Impact on ThiopheneIV Implied Volatility Solver
Values are max error in ULPs of reference total volatility on a specific set of options (see the ThiopheneIV paper for the definition of the exact zones). The rust implementation of the solver is available here
ThiopheneIV max ulp
| backend | CLY-3D | CLY-20 | CLY-80 | Jaeckel | Market | Corners | Stress | HighVol |
|---|---|---|---|---|---|---|---|---|
| Cody | 190 | 52 | 8 | 142 | 520 | 557 | 285 | 2 |
| Commons | 133 | 49 | 8 | 63 | 177 | 329 | 138 | 2 |
| Johnson | 400 | 71 | 16 | 97 | 1210 | 537 | 484 | 3 |
ThiopheneIV+ max ulp
| backend | CLY-3D | CLY-20 | CLY-80 | Jaeckel | Market | Corners | Stress | HighVol |
|---|---|---|---|---|---|---|---|---|
| Cody | 23 | 5 | 4 | 14 | 30 | 41 | 33 | 2 |
| Commons | 23 | 5 | 4 | 13 | 29 | 41 | 33 | 2 |
| Johnson | 22 | 5 | 7 | 13 | 29 | 41 | 32 | 3 |
The polished ThiopheneIV+ path is robust across erfcx choices.

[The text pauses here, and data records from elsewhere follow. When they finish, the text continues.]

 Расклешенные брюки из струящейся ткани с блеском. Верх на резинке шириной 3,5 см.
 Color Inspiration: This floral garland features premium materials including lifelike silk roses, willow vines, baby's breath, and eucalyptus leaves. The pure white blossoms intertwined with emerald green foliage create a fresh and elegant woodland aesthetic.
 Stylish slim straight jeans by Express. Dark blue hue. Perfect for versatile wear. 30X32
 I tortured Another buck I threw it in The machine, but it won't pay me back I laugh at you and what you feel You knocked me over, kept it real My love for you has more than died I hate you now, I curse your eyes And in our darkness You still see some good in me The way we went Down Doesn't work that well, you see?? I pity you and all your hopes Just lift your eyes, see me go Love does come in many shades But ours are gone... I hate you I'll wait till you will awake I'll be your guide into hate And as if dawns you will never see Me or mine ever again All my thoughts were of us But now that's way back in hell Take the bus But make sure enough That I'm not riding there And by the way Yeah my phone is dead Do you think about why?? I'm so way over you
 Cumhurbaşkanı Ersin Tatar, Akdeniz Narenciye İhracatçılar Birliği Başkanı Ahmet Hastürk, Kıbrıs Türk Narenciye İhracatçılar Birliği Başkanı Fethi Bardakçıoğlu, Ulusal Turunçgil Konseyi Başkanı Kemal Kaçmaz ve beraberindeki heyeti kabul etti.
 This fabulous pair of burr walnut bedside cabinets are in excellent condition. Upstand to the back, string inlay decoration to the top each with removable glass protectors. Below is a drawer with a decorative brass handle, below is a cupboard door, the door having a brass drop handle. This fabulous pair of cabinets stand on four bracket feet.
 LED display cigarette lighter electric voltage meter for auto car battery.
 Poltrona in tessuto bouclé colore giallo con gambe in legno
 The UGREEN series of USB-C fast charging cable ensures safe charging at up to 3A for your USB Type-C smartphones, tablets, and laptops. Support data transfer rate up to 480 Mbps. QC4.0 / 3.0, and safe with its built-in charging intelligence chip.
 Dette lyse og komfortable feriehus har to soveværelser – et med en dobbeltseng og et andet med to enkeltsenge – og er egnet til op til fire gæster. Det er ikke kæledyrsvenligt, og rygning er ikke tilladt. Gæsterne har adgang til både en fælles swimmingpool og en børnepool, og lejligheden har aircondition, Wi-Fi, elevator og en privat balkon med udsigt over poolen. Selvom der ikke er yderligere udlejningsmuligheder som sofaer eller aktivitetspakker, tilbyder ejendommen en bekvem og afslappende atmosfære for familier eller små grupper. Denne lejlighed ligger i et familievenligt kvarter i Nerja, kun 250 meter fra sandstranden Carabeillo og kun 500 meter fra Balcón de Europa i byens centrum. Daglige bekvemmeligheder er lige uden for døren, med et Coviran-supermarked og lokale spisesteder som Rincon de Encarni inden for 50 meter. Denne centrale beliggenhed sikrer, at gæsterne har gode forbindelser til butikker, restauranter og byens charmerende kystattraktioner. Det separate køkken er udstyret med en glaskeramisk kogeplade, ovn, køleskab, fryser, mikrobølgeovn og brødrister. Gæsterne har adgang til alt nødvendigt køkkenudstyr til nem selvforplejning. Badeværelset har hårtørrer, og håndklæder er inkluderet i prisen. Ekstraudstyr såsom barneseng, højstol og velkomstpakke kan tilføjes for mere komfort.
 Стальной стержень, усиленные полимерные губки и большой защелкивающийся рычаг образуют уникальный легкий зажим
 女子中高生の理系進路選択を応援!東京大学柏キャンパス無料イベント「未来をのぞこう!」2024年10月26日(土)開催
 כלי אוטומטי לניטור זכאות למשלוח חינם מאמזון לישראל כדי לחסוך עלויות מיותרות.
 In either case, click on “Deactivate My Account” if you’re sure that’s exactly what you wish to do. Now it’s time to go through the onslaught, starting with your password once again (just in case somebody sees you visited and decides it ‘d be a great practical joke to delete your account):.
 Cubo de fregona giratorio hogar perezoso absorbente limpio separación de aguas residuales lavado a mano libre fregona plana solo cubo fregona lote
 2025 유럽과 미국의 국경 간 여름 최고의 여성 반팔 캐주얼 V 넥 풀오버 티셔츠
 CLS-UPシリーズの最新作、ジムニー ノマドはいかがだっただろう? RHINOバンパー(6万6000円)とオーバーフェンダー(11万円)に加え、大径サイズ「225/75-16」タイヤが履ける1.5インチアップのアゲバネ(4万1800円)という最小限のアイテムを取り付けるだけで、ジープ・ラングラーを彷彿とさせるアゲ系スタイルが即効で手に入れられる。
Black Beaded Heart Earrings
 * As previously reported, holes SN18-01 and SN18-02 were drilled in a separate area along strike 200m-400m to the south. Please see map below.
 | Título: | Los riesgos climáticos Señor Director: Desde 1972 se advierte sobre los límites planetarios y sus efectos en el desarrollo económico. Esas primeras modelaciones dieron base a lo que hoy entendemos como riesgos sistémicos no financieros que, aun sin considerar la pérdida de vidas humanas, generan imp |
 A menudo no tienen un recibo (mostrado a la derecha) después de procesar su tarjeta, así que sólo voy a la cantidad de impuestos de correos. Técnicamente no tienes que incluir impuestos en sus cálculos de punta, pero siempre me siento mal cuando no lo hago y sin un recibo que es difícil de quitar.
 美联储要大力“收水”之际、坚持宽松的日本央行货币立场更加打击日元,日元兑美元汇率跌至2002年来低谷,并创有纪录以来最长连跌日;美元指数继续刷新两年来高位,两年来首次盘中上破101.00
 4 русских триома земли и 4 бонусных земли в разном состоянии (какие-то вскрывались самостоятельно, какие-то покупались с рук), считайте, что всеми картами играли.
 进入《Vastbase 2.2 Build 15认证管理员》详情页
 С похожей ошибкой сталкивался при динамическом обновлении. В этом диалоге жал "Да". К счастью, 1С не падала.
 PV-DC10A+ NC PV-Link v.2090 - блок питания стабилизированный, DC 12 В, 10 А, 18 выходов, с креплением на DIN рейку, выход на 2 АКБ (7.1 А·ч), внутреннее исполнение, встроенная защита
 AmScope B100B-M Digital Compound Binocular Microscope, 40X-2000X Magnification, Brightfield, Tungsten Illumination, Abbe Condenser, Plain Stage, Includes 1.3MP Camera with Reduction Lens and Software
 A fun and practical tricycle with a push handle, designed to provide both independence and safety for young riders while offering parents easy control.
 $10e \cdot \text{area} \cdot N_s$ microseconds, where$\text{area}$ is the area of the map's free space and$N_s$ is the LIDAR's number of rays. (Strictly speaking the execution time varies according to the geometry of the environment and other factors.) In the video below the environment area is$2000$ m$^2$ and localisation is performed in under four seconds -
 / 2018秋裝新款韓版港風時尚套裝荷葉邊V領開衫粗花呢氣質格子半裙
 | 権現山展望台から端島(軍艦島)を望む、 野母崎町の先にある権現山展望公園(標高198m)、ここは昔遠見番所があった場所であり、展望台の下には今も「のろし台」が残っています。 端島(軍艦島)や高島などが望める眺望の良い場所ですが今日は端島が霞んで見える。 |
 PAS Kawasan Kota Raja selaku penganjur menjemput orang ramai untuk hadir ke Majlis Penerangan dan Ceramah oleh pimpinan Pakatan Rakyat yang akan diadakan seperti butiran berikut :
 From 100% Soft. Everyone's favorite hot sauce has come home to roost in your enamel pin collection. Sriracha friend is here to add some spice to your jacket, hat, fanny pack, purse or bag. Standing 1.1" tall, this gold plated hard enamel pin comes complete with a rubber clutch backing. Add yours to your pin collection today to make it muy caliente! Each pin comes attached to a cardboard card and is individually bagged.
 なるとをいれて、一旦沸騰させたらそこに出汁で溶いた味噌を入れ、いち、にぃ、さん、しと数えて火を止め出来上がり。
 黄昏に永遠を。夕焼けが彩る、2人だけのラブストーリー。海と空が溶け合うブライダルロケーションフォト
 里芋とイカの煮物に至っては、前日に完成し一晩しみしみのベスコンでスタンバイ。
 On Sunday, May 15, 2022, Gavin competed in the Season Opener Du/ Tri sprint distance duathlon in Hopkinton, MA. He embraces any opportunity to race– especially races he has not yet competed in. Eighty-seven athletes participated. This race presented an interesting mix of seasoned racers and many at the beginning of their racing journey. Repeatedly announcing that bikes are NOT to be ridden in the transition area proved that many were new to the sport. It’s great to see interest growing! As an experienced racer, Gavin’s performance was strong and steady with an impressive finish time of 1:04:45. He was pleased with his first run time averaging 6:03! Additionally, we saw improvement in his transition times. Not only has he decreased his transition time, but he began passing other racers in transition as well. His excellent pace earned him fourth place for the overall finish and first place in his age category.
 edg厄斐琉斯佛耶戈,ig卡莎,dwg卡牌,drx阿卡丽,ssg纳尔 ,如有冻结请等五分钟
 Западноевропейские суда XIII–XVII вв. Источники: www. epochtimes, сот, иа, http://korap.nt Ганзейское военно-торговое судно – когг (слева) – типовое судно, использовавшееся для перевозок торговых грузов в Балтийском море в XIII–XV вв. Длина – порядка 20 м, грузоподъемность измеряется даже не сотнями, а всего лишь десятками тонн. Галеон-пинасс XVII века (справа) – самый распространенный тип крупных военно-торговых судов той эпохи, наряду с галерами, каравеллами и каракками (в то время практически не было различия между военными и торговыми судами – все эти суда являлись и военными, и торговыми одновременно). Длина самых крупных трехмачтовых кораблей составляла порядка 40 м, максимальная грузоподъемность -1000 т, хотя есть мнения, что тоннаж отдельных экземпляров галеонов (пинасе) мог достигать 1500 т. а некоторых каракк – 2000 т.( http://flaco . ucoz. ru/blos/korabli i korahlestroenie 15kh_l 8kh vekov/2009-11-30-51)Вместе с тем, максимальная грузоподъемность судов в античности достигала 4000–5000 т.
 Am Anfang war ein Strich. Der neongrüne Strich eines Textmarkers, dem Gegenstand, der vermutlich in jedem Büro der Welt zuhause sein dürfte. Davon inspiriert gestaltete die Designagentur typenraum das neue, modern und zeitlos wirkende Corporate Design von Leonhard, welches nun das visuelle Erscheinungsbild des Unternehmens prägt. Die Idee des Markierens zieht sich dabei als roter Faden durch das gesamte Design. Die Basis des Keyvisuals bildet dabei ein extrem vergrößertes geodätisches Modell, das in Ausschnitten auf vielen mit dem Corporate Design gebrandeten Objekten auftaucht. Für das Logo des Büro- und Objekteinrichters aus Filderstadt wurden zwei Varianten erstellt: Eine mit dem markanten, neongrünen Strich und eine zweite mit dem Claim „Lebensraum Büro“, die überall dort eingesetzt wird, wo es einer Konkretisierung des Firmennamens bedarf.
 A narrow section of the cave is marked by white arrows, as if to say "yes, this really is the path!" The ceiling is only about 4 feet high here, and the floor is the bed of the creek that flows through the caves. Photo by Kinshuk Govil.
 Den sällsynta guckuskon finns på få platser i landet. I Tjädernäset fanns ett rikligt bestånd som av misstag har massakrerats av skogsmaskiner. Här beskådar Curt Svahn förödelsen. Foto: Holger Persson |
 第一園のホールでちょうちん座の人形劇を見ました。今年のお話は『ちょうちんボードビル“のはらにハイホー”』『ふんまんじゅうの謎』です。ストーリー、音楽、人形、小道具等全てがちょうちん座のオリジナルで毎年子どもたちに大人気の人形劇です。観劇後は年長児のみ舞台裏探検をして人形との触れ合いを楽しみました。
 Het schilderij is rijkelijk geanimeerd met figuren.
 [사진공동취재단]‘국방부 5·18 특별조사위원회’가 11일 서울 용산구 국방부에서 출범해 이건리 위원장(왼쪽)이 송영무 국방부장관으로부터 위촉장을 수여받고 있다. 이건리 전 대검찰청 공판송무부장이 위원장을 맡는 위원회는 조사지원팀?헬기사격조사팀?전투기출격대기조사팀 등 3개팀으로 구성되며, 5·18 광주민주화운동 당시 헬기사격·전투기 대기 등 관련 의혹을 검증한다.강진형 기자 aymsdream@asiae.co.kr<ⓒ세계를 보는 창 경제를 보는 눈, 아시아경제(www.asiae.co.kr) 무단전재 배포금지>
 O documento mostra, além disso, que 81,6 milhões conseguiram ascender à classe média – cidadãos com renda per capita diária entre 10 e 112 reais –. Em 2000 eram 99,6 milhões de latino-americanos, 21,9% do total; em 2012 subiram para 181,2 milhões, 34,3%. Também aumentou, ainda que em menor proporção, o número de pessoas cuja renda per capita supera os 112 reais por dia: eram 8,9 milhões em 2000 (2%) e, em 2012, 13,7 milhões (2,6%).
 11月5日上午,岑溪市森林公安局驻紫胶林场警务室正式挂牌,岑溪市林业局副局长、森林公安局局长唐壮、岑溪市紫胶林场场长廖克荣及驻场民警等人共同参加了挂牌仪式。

The unpolished fast solver is where Commons is clearly better for benchmark.
Impact on ThiopheneIV Performance
ThiopheneIV ns/call
| backend | CLY-3D | CLY-20 | CLY-80 | Jaeckel | Market | Corners | Stress | HighVol |
|---|---|---|---|---|---|---|---|---|
| Cody | 146 | 146 | 148 | 146 | 147 | 155 | 155 | 150 |
| Commons | 155 | 147 | 147 | 156 | 153 | 159 | 157 | 151 |
| Johnson | 179 | 180 | 188 | 211 | 203 | 185 | 204 | 161 |
ThiopheneIV+ ns/call
| backend | CLY-3D | CLY-20 | CLY-80 | Jaeckel | Market | Corners | Stress | HighVol |
|---|---|---|---|---|---|---|---|---|
| Cody | 199 | 200 | 199 | 185 | 193 | 210 | 205 | 187 |
| Commons | 202 | 203 | 197 | 197 | 200 | 214 | 210 | 189 |
| Johnson | 233 | 229 | 245 | 249 | 251 | 240 | 254 | 210 |
Cody is slightly faster than Commons for ThiopheneIV, but Commons is close and much more accurate. Johnson is slower in the solver context despite competitive standalone erfcx timing, most likely because its branch/table structure interacts differently with the full pricing paths.
Conclusion
Use the Commons erfcx implementation. It gives the best generic erfcx accuracy against the BigFloat reference among the tested Rust-callable implementations, the most stable 512-consecutive-ULP local-window profile, the best unpolished ThiopheneIV accuracy, and passes the strict reference/corner suite. Cody remains a good fast approximation, but it is of slighly lower accuracy (which impacts non-polished ThiopheneIV implied vols) and has a near-overflow-tail spike (very likely without impact on my use case).